Windsor

New Windsor library rules unfairly discriminate against homeless, advocates say

The Windsor Public Library (WPL) has received criticism from homelessness and poverty reduction advocates concerned that new rules at the library unfairly discriminate against people who are homeless. 

Experts are concerned about new rules around sleeping, offensive body odour and personal belongings

Patsy Copus runs the Angels for the Homeless Facebook page. She says that the library's new rules aren't fair for everyone. (Tahmina Aziz/CBC)

The Windsor Public Library (WPL) is facing criticism from homelessness and poverty reduction advocates concerned that new rules at the library unfairly discriminate against people who are homeless.

As part of the WPL's customer code of conduct, anyone who visits a library branch is expected to be respectful, considerate, law-abiding and responsible. 

WPL's code of conduct goes even further, including provisions stating that patrons can't sleep or emit offensive smells. Patrons are also only allowed to bring a maximum of three bags, suitcases, backpacks or boxes — a rule implemented because of the smaller size of the Central Branch at 185 Ouellette Ave.

Patsy Copus — who runs the Angels for the Homeless Facebook page — said that the library's rules aren't for everyone, and especially affects individuals at the Central Branch location.

Pointing to the rule about offensive odours, Copus said not everyone has access to resources like showers, including individuals experiencing homelessness. 

"These people don't have public showers, they can't shower before they go in there," she said. "So having that as one of the rules is pretty discriminating."

Included in the Windsor Public Library's new rules are provisions stating that patrons can't sleep in the library, or emit offensive body odour. (Tahmina Aziz/CBC)

Travis Reitsma, a PhD candidate in sociology at the University of Windsor who studies poverty reduction, said some of the new rules struck him as "openly classist."

"Especially when you talk about obnoxious smells or sleeping in the library or limiting the number of items you can bring in, these are things that directly impact people in extreme poverty who often have no other place to go, who have no access to safe and warm places to sleep for even a short period of time, or access to a shower or clean clothes," he said. 

Still, library CEO Kitty Pope said staff were shocked to learn about the reaction generated by the new rules.

"As a public library, we welcome everybody," she said. "And I think that there is a very narrow definition of some of those things."

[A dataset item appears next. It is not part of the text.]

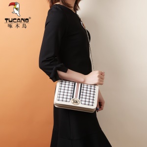 啄木鸟(TUCANO)女包包时尚单肩包格纹链条包女斜挎包百搭大气女士包包潮
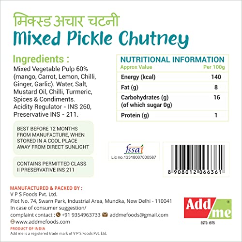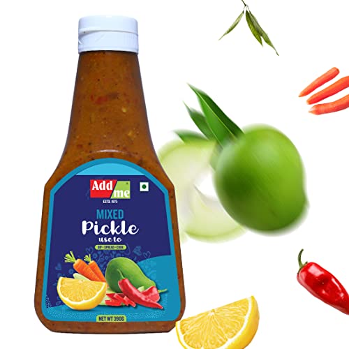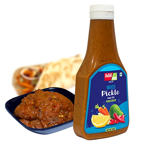 Mixed Pickle in a bottle. spread cook and dip. makes delicious parantha when mixed with dough. savour it with all indian dishes.

... These are things that directly impact people in extreme poverty ...- Travis Reitsma, PhD Candidate, University of Windsor

Pope explained that the library maintains two "fundamental principles." First, no one can do anything illegal inside a library. Second, no one should bother anyone else in a library. 

"So that offensive odour comes under that umbrella," she said, adding that the odour rule has been part of the library's code of conduct "for many years."

At the same time, Pope said that library staff rarely speak to patrons about personal hygiene.

"That whole discussion, we are shocked at, because that's not what we usually deal with," she said.

Windsor Public Library CEO Kitty Pope says she's surprised by the backlash to the new rules. (Tahmina Aziz/CBC)

Additionally, Pope said that the rule about limiting personal belongings is a result of the fact that the new Central Branch is smaller than the previous location.

"We simply don't have the room," she said. "And so folks coming in with four and five and six large bags, we can't accommodate them in this small space. It has nothing to do with who they are."

Pope said that anyone offended or upset by the library's rule should consult with staff.

"Come and talk to us and we would be glad to explain how we interpret it, how we use it," she said. "And the bottom line is don't do anything illegal in the library and don't bother the guy next to you."

Despite some of the backlash received by the library, Pope said visitors have been "nothing but gracious."

"We have had no negative response from our customers who walk in the door everyday," she said. "So perhaps that's why we're a little surprised about … the social media response."

WPL will test out the new rules for the next 10 months to determine whether the updated code of conduct will remain permanent.